To be fair, it’s not the first time that brioche has been called cake.

That famous quip attributed to the ill-fated Marie Antoinette, “qu’ils mangent de la brioche,” is most often translated to great dramatic effect as “let them eat cake.”

Brioche

Brioche - is it bread or is it cake?

(image from Flickr member Arnold Inuyaki licensed under Creative Commons)

It seems that the Revenue Commissioners, in what they are calling a ‘clarification’ of the current VAT rules, have decided that brioche might as well be cake, because it will now attract VAT, as cakes do, at 13.5%, whereas previously it would have been classified along with bread, which escapes the VAT net. And it’s not just brioche: other items, such as croissants, bagels and even garlic bread are no longer sufficiently bread-like to qualify for zero VAT status. Really.

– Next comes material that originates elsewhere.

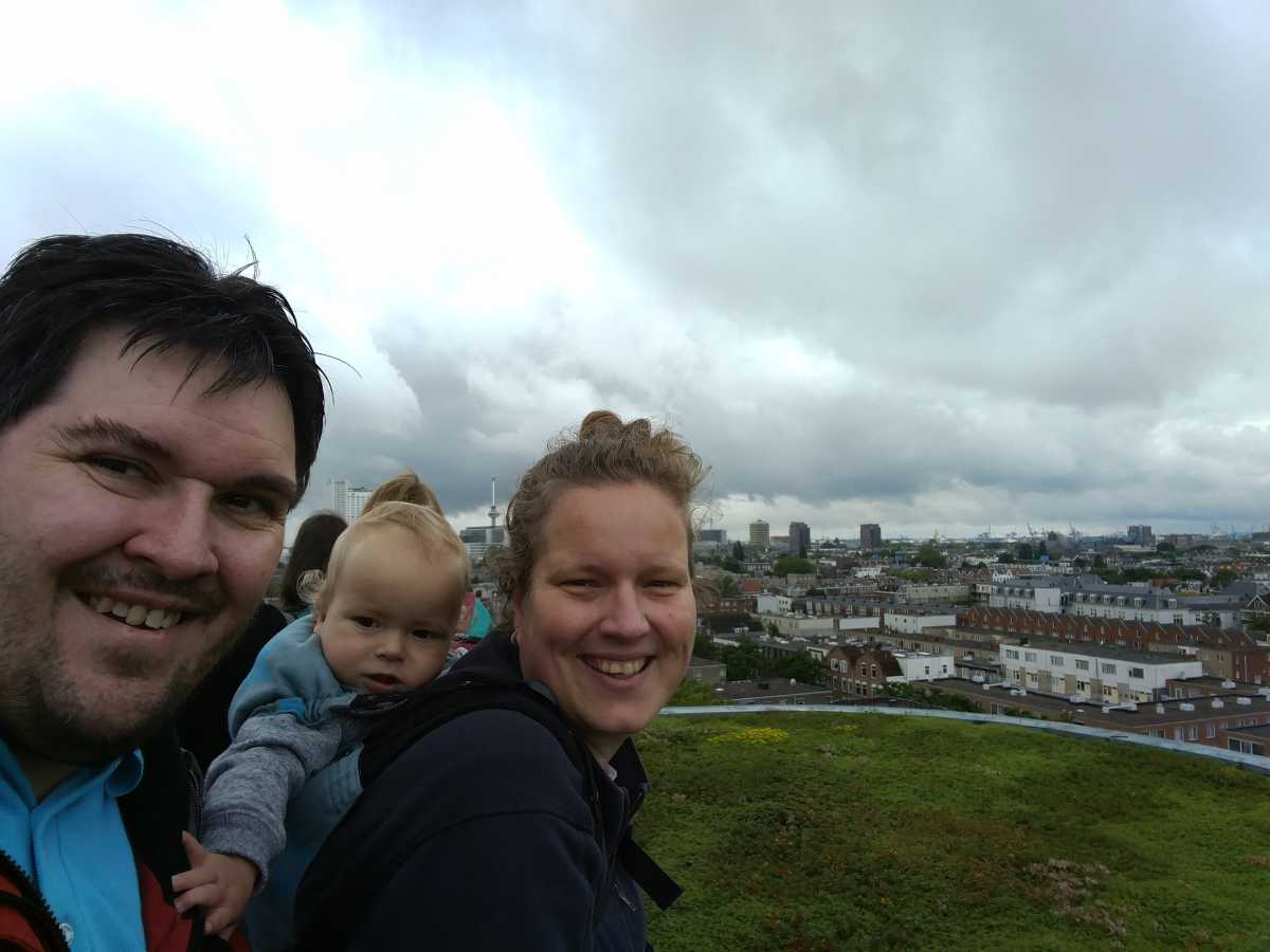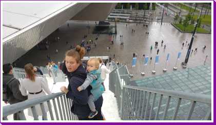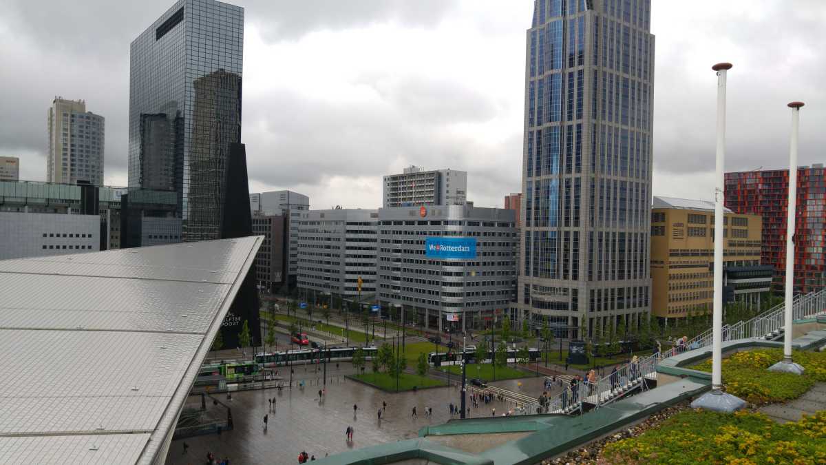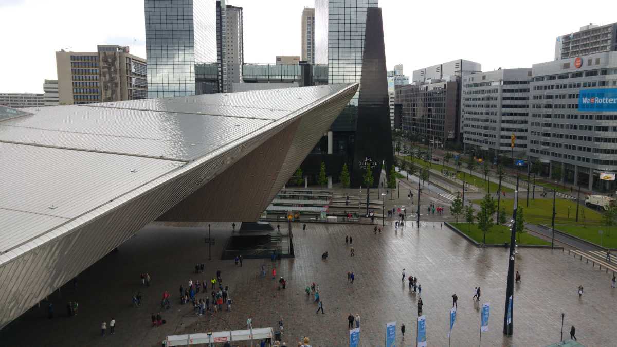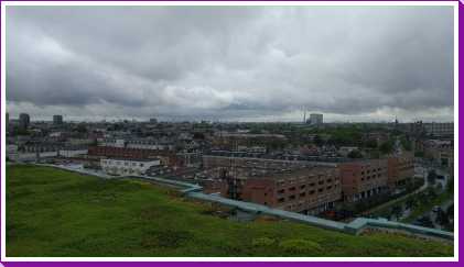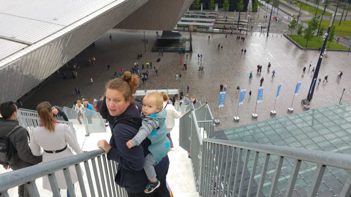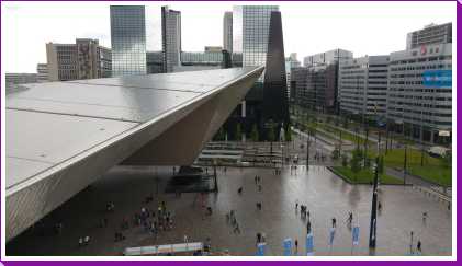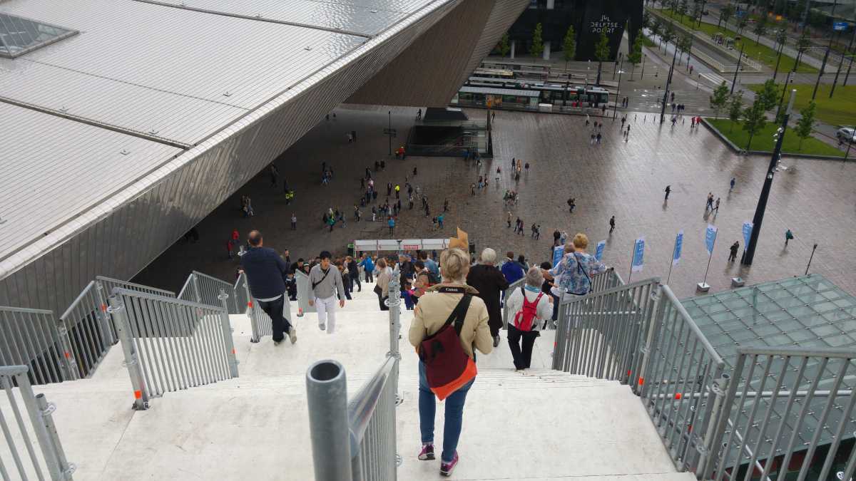 18 juni: Op de valreep zijn we toch nog maar even naar Rotterdam gereden om bij het centraal station de tijdelijke trap tegen het groothandelsgebouw te beklimmen. Eenmaal boven bleek dat het gehele dak van het groothandelsgebouw opgesteld was en niet slechts een stukje. Het leverde enkele leuke plaatjes op. Dit soort kunstprojecten zijn echt leuk om te bezoeken en bieden echt iets voor iedereen.

Irish Food And Drink Industry Awards 2011

This came to my attention as I was leaving the hallowed halls of Trinity College, which had been the venue for the Bord Bia Irish Food & Drink Industry Awards last week. I happened upon Suzanne Campbell, who was discussing the issue and how it would hit small bakery businesses, with William Despard of the Bretzel Bakery (he who had made such an impression at the recent Savour Kilkenny Foodcamp). William was understandably exercised about the VAT hike.